Let $G=\langle a \rangle$, $o(G)=12$ be a cyclic group, then $T:G \to G$ s.t. $T(x)=x^3$ is not an automorphism 
Let $G=\langle a \rangle$, $o(G)=12$ be a cyclic group, then $T:G \to G$ s.t. $T(x)=x^3$ is not an automorphism.

I know $T$ is not an automorphism, and I have seen proofs where $T$ is not 1-1. But here is my attempt with another approach:
Let $G=\langle a \rangle$.  $T$ is not an automorphism of $G$ since there is no $x \in G$ s.t. $T(x)=a^5$. That is, if $x = a^i$ for some integer $i$, then $T(x) = a^{3i}$. So $a^{3i}=a^5$, but there is no integer $i$ for this to be possible. So $T$ is not onto, hence, not an automorphism.
Is my argument correct?
 A: Yes.  But you should prove it.  You must show $3i+12k=5$ has no solution.  This is a linear diophantine equation.  It's true there are no solutions, since $\operatorname{gcd}(12,3)=3\nmid 5$.
Here's an alternate proof, using a basic fact about cyclic groups: $|a^3|=12/\operatorname{gcd}(3,12)=4$.  Thus the image only has order $4$, and the map is not surjective.
A: For a cyclic group of order $n$, the $k$th power map is an automorphism if and only if $\gcd(k,n)=1$. In particular, since $3$ and $12$ are not relatively prime, cubing on a cyclic group of order $12$ is not an automorphism.
Either showing the failure of injectivity or of surjectivity is sufficient to conclude that an endomorphism is not an automorphism. For example, $a^4$ is a non-identity element that cubes to the identity, showing that injectivity fails. On the other hand, $a$ itself is not a cube, showing that surjectivity also fails.
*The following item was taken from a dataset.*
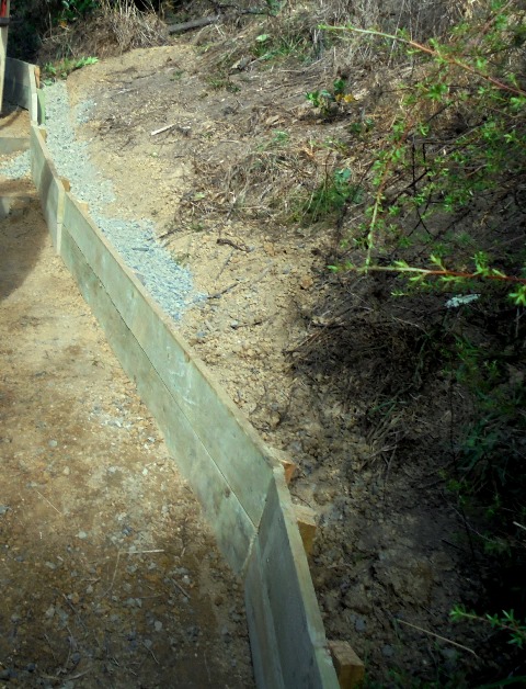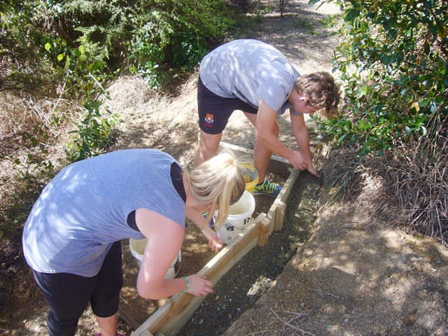 The team then moved to a different part of the property to fix a different track problem. A track near the wetlands had been built along steep ground and during the summer when the wall of the track dried out, it tended to crumble and collapse onto the track surface. As a result, the team dug out the bank and built a retaining wall to secure the bank. Like other track efforts this one involved a lot of digging and hammering but the result is worth it.
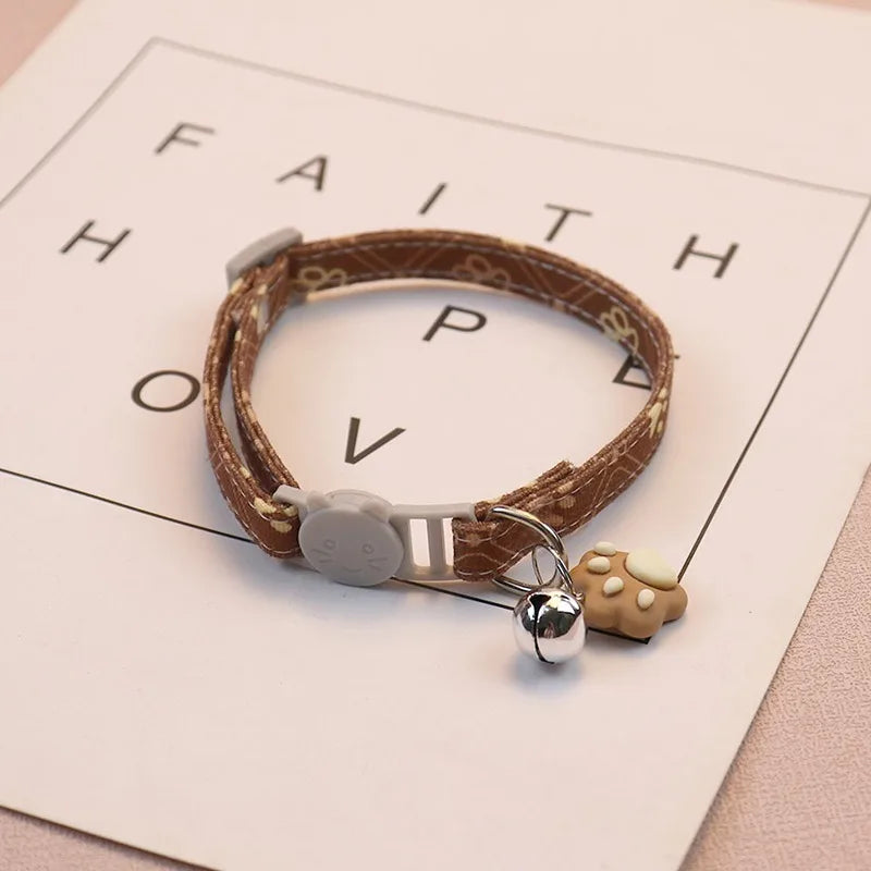 Pet Collar with Bell – Cartoon Footprint Adjustable Collar

For endomorphisms of finite groups, injectivity and surjectivity are actually equivalent to each other. Possibly infinite groups for which surjective endomorphisms are also injective are called "Hopfian groups", while those for which injective endomorphisms are also surjective are called "co-Hopfian groups". In particular, a cyclic group of order $12$, like any other finite group, is both Hopfian and co-Hopfian.